Finding $\lim_{x \to \infty} x(\ln(1+x) - \ln(x))$ without l'Hopital

Question

I solved the limit

$$\lim_{x \to \infty} x(\ln(1+x) - \ln(x))$$

by writing it as $\lim_{x \to \infty} \frac{\ln(\frac{1+x}{x})}{\frac{1}{x}}$ and applying l'Hopital rule but is it possible to solve it without using l'Hopital rule?

Answer 1

\begin{align*} x(\ln(1+x)-\ln(x))=x\ln\left(1+\dfrac{1}{x}\right)=\ln\left(1+\dfrac{1}{x}\right)^{x}\rightarrow\ln e=1, \end{align*} if you accept that $\left(1+\dfrac{1}{x}\right)^{x}\rightarrow e$ as $x\rightarrow\infty$.

Answer 2

By MVT there is $c \in [x,x+1]$ such as $\ln(1+x)-\ln(x)=1/c$ so $x(\ln(1+x)-\ln(x))=x/c$

$c \in [x, x+1]$ therefore $x/c \in [x/(x+1), 1]$.

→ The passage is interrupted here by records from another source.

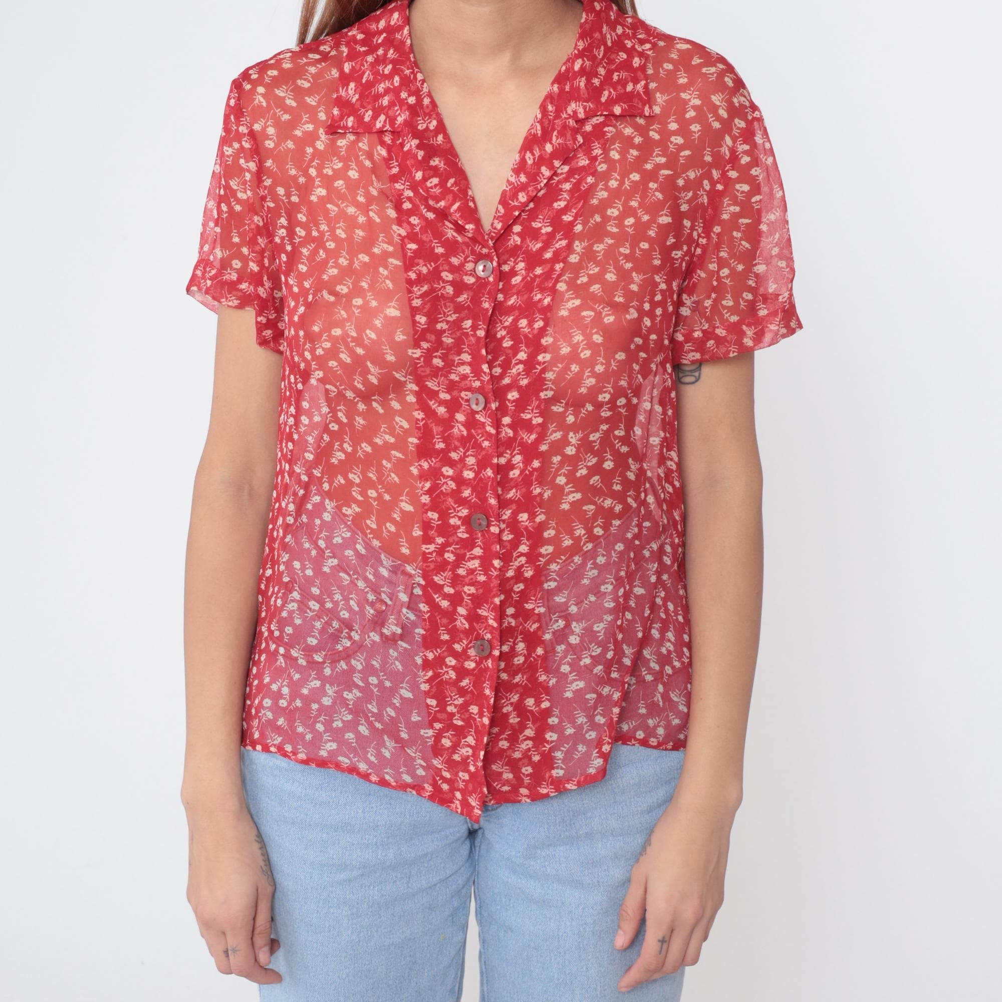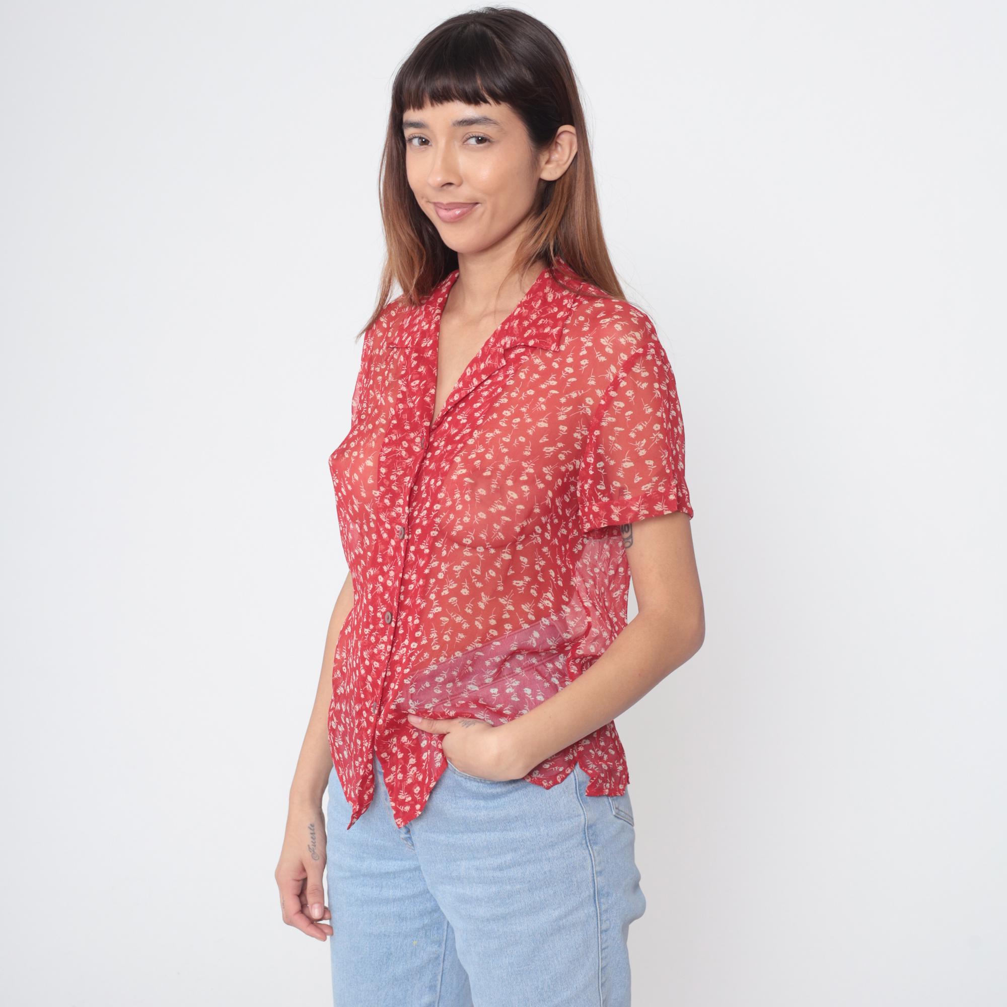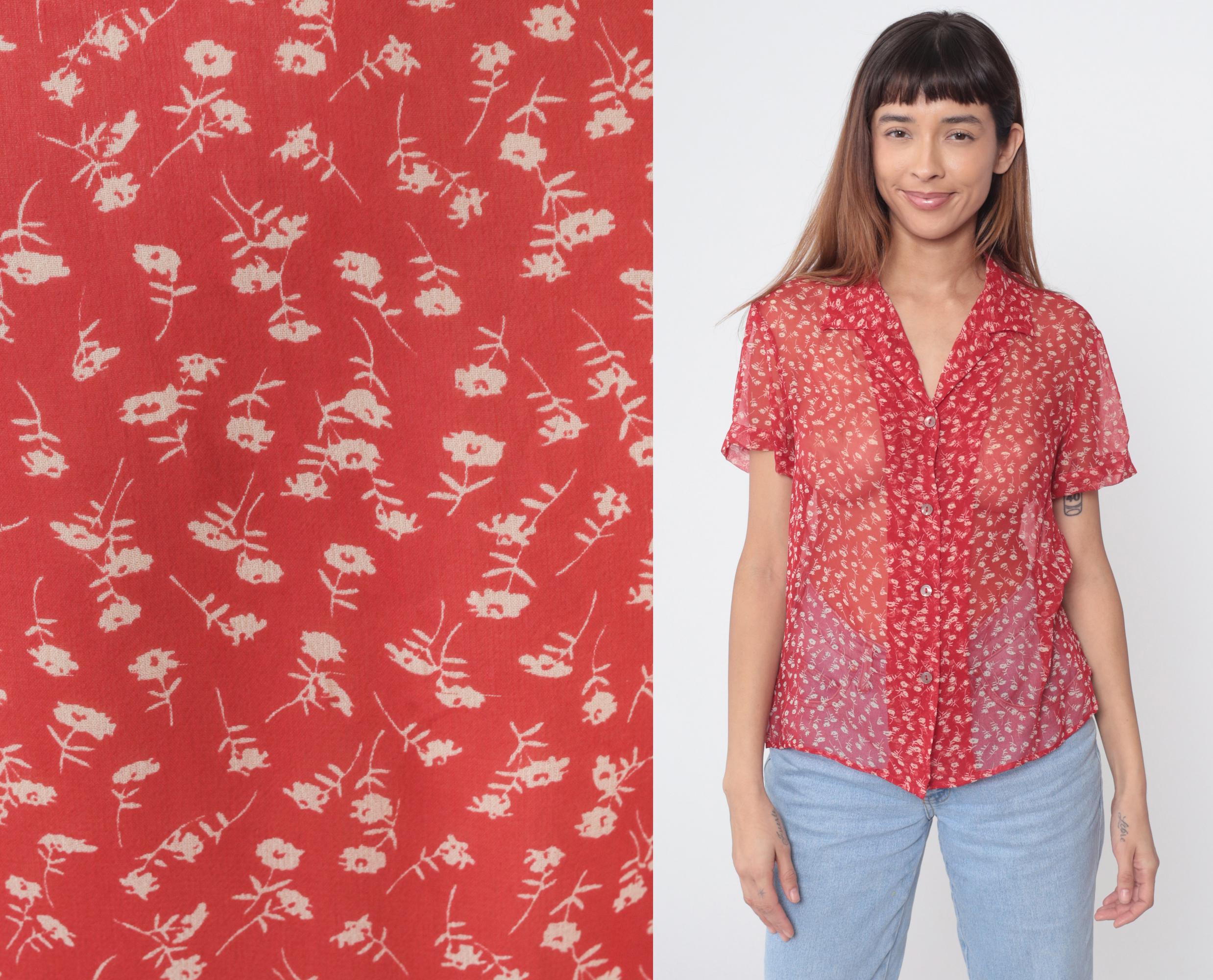 90s red silk blouse by Robbie Bee featuring a delicate white floral ditsy print throughout. Lightweight sheer silk fabric with excellent drape. Classic button-down design with pointed collar and full front closure with pearlescent buttons. Short sleeves with a slightly relaxed fit.
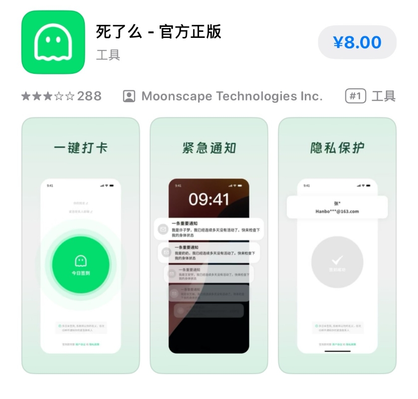 綜合消息,該App由三名95後開發者以不到1500元人民幣的成本、一個月時間打造,憑藉每日簽到+48小時未簽自動郵件通知緊急聯絡人的極簡設計,精準戳中獨居青年的安全焦慮,上架後日均新增用戶暴增500倍,估值迅速攀升至數千萬元。
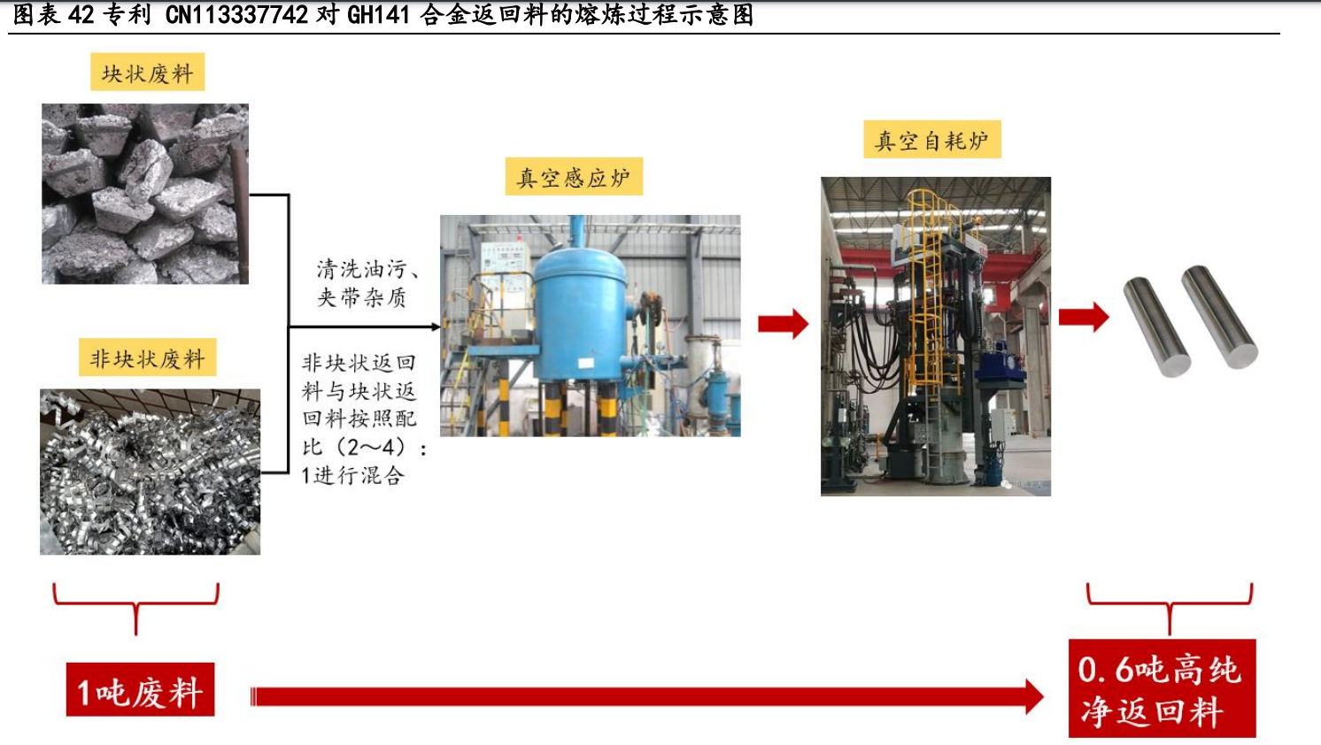 高返回料添加比的高温合金加工方式与通常高温合金加工方式几无差异,故亦 可以通过工艺改进进一步降低其成本。中国航发北京航空材料研究院专利号 CN111761007A《一种添加返回料的 GH4169 合金盘锻件制备方法》一文中指出,当前 国内 GH4169 盘锻件所用棒材均为矿冶新料经熔炼和锻造所制造,返回料的使用仅局 限于各冶金厂自身熔炼和锻造过程所产生的“废料”,使用比例非常低。高温合金返 回料中的碎屑料和块状料均是合格高温合金材料加工的边角余料,经过了多次的真 空提纯和精炼,纯净度水平要高于矿冶新料,如果能够实现同等级别相同材料的循 环利用,将有效提升高温合金材料的纯净度,且能显著降低原材料成本。这也是国 外相同合金 IN718 质量优、价格低的主要原因之一。为了提高返回料再生利用技术 成熟度,促进 GH4169 合金制造成熟度的提高,提升 GH4169 盘锻件整体质量,同时降低盘锻件的制造成本,航材院提出一种添加返回料的GH4169合金盘锻件制备方法, 该方法可以细化盘锻件的晶粒组织,提升锻件组织均匀性,同时缩短锻件制造周期, 降低锻件成本。(报告来源:未来智库)
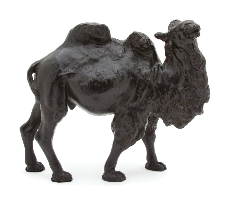 A Bronze Model of a Bactrian Camel Height 9 1/2 x length 12 1/2 inches.
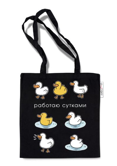 Сумка-шоппер Работаю сутками. Текстиль с принтом. Размеры: 335х370 мм, ручки око
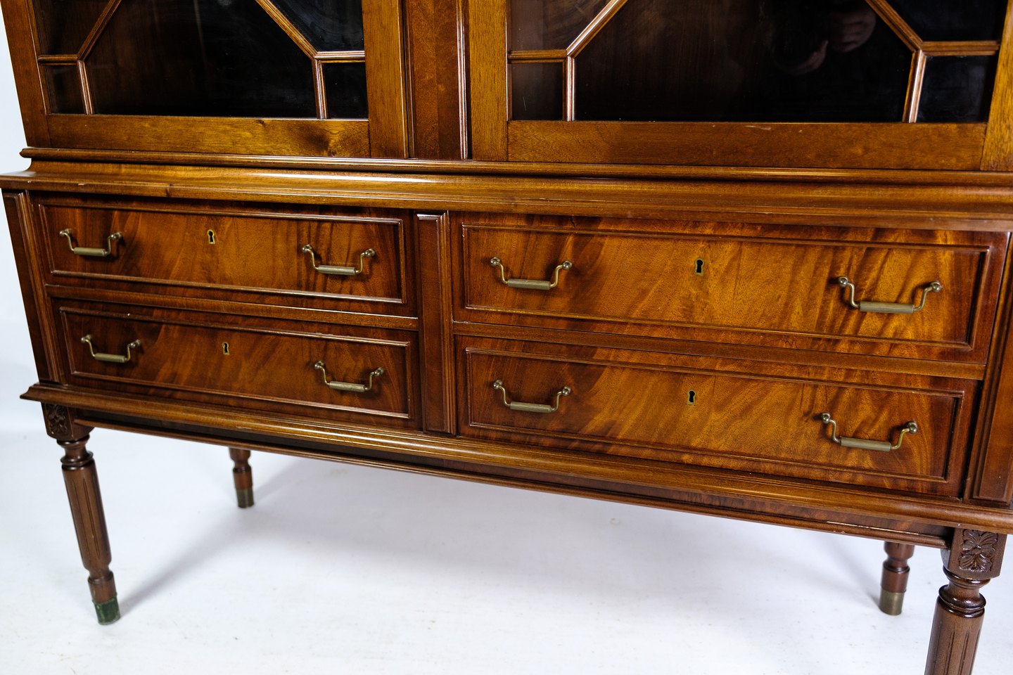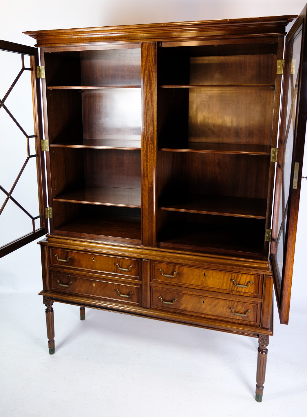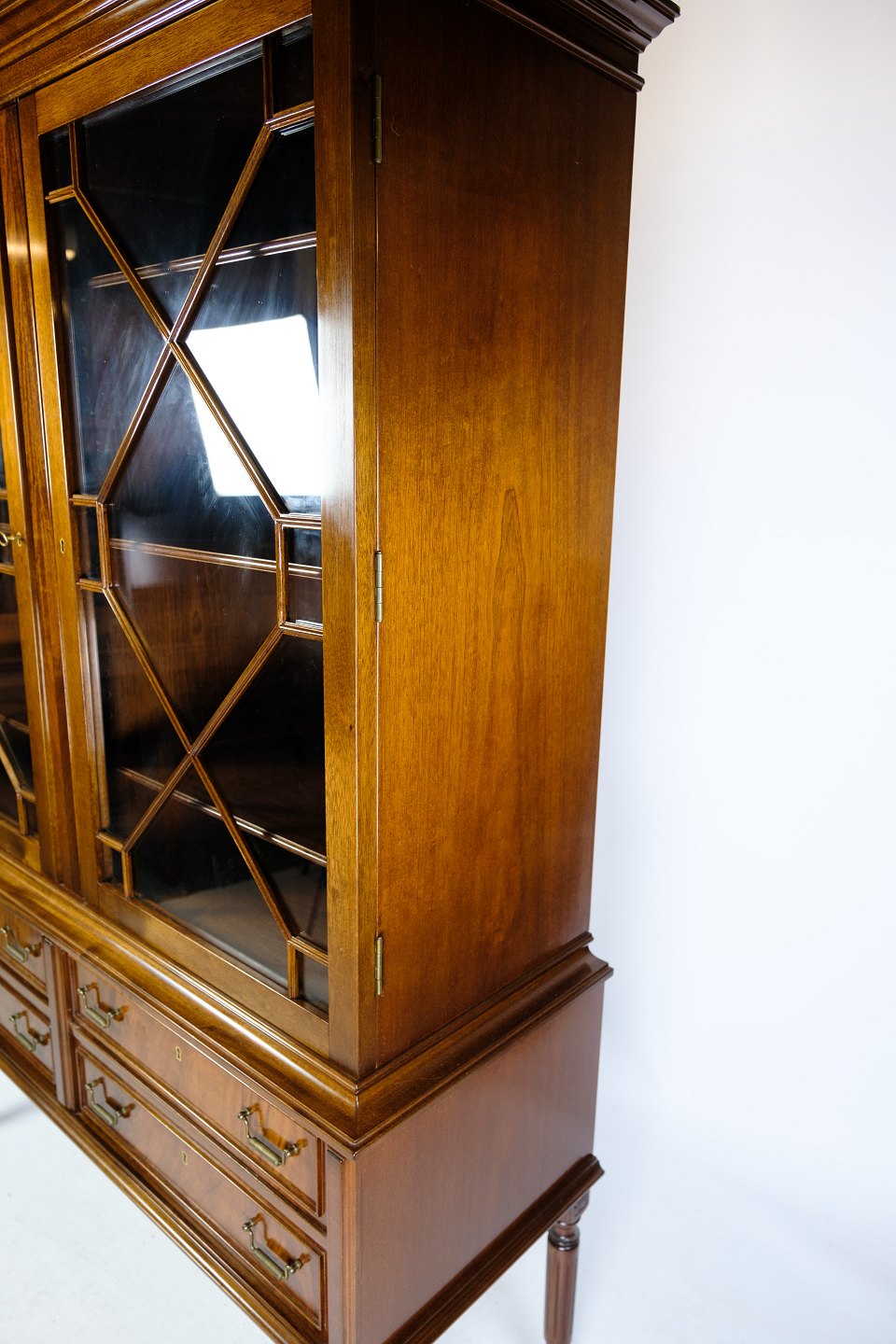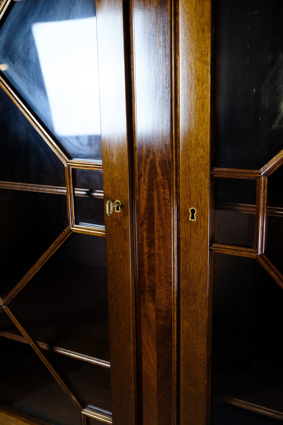 SolgtDette Hepplewhite-stil vitrineskab i mahogni, produceret af Farre Jensen omkring 1960'erne, udstråler elegance og tidløs skønhed.
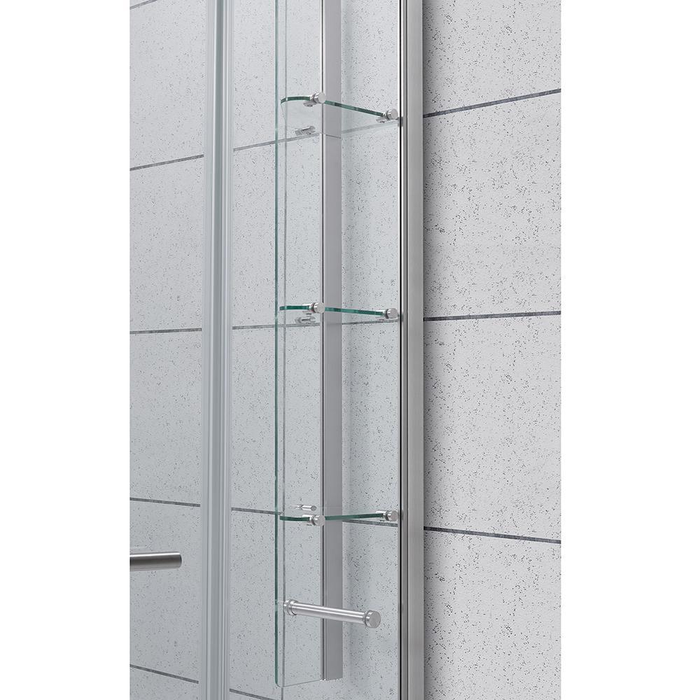 • Smart built-in storage, with three glass corner shelves and chrome washcloth hanger bar

So by the squeeze theorem lim is $1$.

Answer 3

$$\log(x+1)-\log(x)=\log\left(\frac{x+1}{x}\right)=\log\left(1+\frac{1}{x}\right)$$ We know that $\log(1+t)=t-\frac{t^2}{2}+\frac{t^3}{3}+O(t^4)$ (for $t \in (-1,1)$); substituting $t=\frac{1}{x}$ we get: $\log\left(1+\frac{1}{x}\right)=\frac{1}{x}-\frac{1}{2} \frac{1}{x^2}+\frac{1}{3} \frac{1}{x^3}+O\left(\frac{1}{x^4}\right)$, so: $$x(\log(x+1)-\log(x))=x\left(\frac{1}{x}-\frac{1}{2} \frac{1}{x^2}+\frac{1}{3} \frac{1}{x^3}+O\left(\frac{1}{x^4}\right)\right)$$ $$x(\log(x+1)-\log(x))=1-\frac{1}{2} \frac{1}{x}+\frac{1}{3} \frac{1}{x^2}+O\left(\frac{1}{x^3}\right) \to 1$$

Answer 4

Using your second form we can substitute $u=1/x$ such that

$$\lim_{u\to +0}\dfrac{\ln(1+u)}{u}= \lim_{u\to +0}\dfrac{\ln(1+u)-\ln 1}{u-0}.$$

Hence, it is possible to evaluate the limit as the derivative of $\ln(1+u)$ at $u=+0$.

Answer 5

$\lim_{x \to \infty} x(\ln(1+x) - \ln(x)) $

$f(x) =x(\ln(1+x) - \ln(x)) =x\int_x^{1+x} \dfrac{dt}{t} $ so $f(x) < x\dfrac1{x} =1 $ (since $t > x$) and $f(x) > x\dfrac1{x+1} =1-\dfrac1{x+1} $ (since $t < x+1$) so $\lim_{x \to \infty} f(x) = 1 $.